You can use a regular old household light bulb, doesn't have to be anything fancy. And you can use just about anything for the fixture too. A lot of people just use a desk lamp or nearby light in the room their hedgehog is in. I bought a lamp fixture from a pet store and use a regular household light bulb in it. I like it because it can clamp onto Lily's cage, doesn't need to sit on anything else.


----------



## Nebular (Dec 28, 2010)

I just have a floor lamp with a compact fluorescent bulb in it (equivalent to a standard 60W incandescent bulb). I have it on a timer so it automatically comes on and turns off at the same time each day so I don't have to remember or be home to do it. As long as you have a lamp that can light the room, or at least the cage area, that should be all you really need. You don't need anything special.


----------



## newfie_nurse (Apr 28, 2011)

thanx for your advice . Just went out and bought a desk clamp lamp at walmart for $8.


----------



## Hissy-Fit-Hazel (Jul 15, 2011)

I had a clamp light which worked well but I bought a florescent under the counter type sealed unit for about $12 when the weather started to get cooler. Bonus is it gives off great light @ only 15watts!. I put it inside Hazels cage and zip strapped it on...worked pretty slick. I wanted it to go inside because I cover her cage partly at night to keep the heat in and her light comes on at 7am. Saves me from dragging my butt out of bed early to make sure she has light.


----------



## soapradream (Aug 31, 2011)

Hissy-Fit-Hazel said:


> I had a clamp light which worked well but I bought a florescent under the counter type sealed unit for about $12 when the weather started to get cooler. Bonus is it gives off great light @ only 15watts!. I put it inside Hazels cage and zip strapped it on...worked pretty slick. I wanted it to go inside because I cover her cage partly at night to keep the heat in and her light comes on at 7am. Saves me from dragging my butt out of bed early to make sure she has light.
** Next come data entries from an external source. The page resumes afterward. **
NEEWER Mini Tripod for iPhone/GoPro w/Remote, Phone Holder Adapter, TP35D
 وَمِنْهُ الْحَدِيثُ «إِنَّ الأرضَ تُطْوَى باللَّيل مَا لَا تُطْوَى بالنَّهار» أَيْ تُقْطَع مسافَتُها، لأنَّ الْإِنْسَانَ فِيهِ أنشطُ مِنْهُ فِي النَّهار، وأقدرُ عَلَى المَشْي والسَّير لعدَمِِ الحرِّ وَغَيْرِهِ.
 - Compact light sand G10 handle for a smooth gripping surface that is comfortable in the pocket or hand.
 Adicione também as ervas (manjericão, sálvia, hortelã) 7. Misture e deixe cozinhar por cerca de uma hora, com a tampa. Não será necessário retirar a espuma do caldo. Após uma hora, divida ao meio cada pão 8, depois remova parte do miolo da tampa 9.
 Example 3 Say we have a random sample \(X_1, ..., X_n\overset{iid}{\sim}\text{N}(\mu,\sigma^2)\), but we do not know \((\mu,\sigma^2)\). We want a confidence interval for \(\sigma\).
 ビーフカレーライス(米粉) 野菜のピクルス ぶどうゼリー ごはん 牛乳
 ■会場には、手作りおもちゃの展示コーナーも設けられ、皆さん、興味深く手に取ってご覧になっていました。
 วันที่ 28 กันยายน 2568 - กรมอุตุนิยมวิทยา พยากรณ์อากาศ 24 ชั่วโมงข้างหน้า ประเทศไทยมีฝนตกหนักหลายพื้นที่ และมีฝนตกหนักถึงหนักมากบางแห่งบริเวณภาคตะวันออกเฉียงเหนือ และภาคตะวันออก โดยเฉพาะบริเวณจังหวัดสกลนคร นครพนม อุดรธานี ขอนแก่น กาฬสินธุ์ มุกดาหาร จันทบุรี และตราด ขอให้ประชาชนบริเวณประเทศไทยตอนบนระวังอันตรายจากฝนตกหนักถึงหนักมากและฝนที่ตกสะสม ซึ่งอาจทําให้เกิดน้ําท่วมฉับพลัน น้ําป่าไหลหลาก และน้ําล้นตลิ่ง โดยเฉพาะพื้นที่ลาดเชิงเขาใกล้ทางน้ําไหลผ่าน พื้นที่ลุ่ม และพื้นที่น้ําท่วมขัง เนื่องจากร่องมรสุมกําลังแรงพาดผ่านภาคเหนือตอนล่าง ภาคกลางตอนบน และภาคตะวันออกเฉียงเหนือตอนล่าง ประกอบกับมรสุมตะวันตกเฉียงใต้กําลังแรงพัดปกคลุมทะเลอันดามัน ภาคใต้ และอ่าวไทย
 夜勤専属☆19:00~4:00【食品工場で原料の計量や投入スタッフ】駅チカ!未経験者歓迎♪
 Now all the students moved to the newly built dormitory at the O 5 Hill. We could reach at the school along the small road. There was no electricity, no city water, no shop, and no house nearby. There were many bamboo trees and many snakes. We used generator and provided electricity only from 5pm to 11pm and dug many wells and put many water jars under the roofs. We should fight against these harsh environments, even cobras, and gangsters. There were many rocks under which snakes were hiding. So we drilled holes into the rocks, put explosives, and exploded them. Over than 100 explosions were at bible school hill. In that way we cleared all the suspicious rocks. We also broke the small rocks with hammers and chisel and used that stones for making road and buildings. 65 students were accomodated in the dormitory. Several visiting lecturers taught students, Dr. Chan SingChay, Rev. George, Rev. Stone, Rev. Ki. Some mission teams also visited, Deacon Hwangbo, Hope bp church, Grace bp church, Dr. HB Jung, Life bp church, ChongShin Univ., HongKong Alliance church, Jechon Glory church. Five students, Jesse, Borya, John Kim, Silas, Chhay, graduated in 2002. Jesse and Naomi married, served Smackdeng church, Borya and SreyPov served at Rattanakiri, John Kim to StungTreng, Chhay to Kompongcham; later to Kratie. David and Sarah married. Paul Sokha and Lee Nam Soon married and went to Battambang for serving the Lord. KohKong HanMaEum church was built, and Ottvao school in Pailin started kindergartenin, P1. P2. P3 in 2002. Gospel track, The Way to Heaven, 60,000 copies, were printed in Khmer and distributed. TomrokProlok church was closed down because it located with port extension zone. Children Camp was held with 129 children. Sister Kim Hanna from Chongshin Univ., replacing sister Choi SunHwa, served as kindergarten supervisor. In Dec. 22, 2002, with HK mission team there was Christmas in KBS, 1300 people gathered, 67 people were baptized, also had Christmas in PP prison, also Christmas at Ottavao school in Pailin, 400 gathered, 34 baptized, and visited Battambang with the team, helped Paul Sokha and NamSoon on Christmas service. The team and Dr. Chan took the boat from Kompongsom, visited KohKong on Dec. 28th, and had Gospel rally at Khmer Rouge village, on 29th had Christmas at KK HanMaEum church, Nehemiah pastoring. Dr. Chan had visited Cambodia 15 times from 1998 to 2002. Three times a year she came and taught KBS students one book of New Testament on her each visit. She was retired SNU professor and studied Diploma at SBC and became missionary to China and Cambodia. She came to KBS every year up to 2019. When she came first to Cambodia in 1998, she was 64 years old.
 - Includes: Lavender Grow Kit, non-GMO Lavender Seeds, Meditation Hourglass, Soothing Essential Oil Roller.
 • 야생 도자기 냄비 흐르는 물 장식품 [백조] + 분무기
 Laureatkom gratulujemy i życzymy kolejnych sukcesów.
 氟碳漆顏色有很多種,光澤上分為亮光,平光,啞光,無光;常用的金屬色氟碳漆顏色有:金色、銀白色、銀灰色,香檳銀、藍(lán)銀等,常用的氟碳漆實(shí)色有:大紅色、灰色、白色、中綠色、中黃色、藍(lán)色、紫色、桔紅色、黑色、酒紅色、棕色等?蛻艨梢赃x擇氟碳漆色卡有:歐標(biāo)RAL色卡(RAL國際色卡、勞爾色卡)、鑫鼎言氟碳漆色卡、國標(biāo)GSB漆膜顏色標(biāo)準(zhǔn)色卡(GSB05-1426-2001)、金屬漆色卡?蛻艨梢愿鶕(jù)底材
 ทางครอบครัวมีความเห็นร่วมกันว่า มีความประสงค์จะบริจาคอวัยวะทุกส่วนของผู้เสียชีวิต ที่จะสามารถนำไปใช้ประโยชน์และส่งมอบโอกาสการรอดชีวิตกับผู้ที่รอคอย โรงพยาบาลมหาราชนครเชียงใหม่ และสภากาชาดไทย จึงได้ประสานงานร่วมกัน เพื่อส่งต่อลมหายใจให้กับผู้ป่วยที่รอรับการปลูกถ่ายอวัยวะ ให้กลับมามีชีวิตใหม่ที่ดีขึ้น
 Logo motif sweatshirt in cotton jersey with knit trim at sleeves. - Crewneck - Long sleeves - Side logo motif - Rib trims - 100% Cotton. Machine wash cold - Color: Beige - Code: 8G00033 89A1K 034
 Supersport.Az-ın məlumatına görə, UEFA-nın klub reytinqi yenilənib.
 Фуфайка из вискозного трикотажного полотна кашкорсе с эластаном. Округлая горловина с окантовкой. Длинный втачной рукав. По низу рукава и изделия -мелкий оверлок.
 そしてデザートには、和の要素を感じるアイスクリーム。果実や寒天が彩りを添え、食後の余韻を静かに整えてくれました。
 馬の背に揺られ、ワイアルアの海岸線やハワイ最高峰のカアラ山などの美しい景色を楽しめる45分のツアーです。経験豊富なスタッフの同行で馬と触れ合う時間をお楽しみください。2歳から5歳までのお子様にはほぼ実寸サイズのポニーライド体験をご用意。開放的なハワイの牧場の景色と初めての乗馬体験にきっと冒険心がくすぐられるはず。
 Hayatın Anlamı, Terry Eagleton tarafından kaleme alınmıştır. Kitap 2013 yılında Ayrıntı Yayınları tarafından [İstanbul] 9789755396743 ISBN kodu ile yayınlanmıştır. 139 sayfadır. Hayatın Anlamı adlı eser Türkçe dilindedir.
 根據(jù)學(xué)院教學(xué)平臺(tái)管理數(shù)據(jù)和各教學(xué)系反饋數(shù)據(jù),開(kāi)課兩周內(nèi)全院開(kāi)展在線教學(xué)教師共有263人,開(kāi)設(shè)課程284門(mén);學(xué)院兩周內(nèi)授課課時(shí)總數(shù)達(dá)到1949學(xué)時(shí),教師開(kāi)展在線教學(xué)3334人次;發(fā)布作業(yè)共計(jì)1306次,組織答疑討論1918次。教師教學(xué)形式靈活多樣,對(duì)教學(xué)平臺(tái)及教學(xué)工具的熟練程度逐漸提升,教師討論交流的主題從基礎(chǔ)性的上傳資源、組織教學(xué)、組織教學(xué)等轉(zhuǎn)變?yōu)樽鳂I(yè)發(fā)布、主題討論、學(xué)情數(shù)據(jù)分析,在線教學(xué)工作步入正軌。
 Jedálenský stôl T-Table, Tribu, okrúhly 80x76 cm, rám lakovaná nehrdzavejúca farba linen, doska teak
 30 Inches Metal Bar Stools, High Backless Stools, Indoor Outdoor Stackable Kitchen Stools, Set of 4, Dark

I did the same thing, but my light is zip tied to the top of his ferret nation. How do you heat your cage?


----------



## Hissy-Fit-Hazel (Jul 15, 2011)

soapradream said:


> I did the same thing, but my light is zip tied to the top of his ferret nation. How do you heat your cage?


I use a space heater...one of those large oil filled ones on wheels that heats the entire room.


----------



## soapradream (Aug 31, 2011)

I wish I could do that, but my little guy's cage is in my room. I got my thermostat in the mail today, but stupidly bought a 60 watt CHE, so its off to the store tomorrow to get a 100 watt one and maybe a second one to be on the safe side. I may live in Florida, but my roommate and I like it pretty chilly in the apartment at night. Makes us feel like we are at home in Boston lol.


----------